The University of Melbourne’s program is very expensive, which is its main disadvantage.
While Pyne’s statements are not encouraging, they are at least his own. It would be much worse if any new Australian Coalition Government doesn’t adopt the policies of the UK’s Coalition Government.
Dean – to paraphrase your opening paragraph – you argue there’s no need to teach languages in schools because: (1) our nation has a lot of immigrants and (2) the whole world speaks English anyway. You cannot be for real.
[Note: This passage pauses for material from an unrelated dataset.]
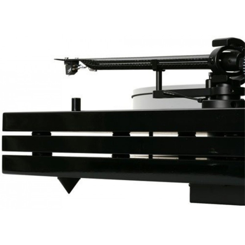 ▪ Motor DC de velocidades 33⅓ y 45 rpm completamente aislado y extraíble, con los controles de velocidad en la esquina delantera izquierda del giradiscos evitando que cualquier vibración potencial del motor o la correa afecte a la cápsula.
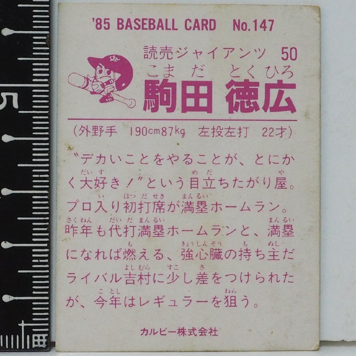 85年 カルビー プロ野球カード No.147【駒田 徳広 外野手 読売ジャイアンツ巨人】昭和60年 1985年 当時物 Calbee おまけ 食玩 BASEBALL中古

One reform that could fit Pyne’s professed ideology would be to make education either Federal or State. Leaving it as the current mix of both is hugely inefficient and replicates beauracracy. The States should either cede power to the Cth or the Cth should close down the Federal education department. Having two “sovereign” governments pulling in different directions creates chaos.
why not have Federal funding set at an inflation linked amount, say$4000 per primary student and $6000 per secondary student. (only guestimates) and have the States make up the shortfall. Because each state is paid the same regardless of circumstances the onus is then on the states to justify to their constituents why their schools are lagging behind other Sates without being able to pass the buck! Any needed top up funds due to disproportinate disadvantage larger migration to Vic. for example, or larger indigenous or remote area costs could be addressed through the grants commission. It then sheets the blame and responsibilities to a single authority, the States. Then we will know exactly who to blame when things go wrong!
@ Andybob and Recalcitrant.Rick
The funding and other roles of the Australian and State governments were considered in detail by the Gonski review. The States provide 85% of the government funding for government schools and the Australian Government provides 74% of the government funding for private schools. So simple divisions of funding and responsibility are not possible.
The better approach is to implement Gonski, as Ashenden and most other educators argue.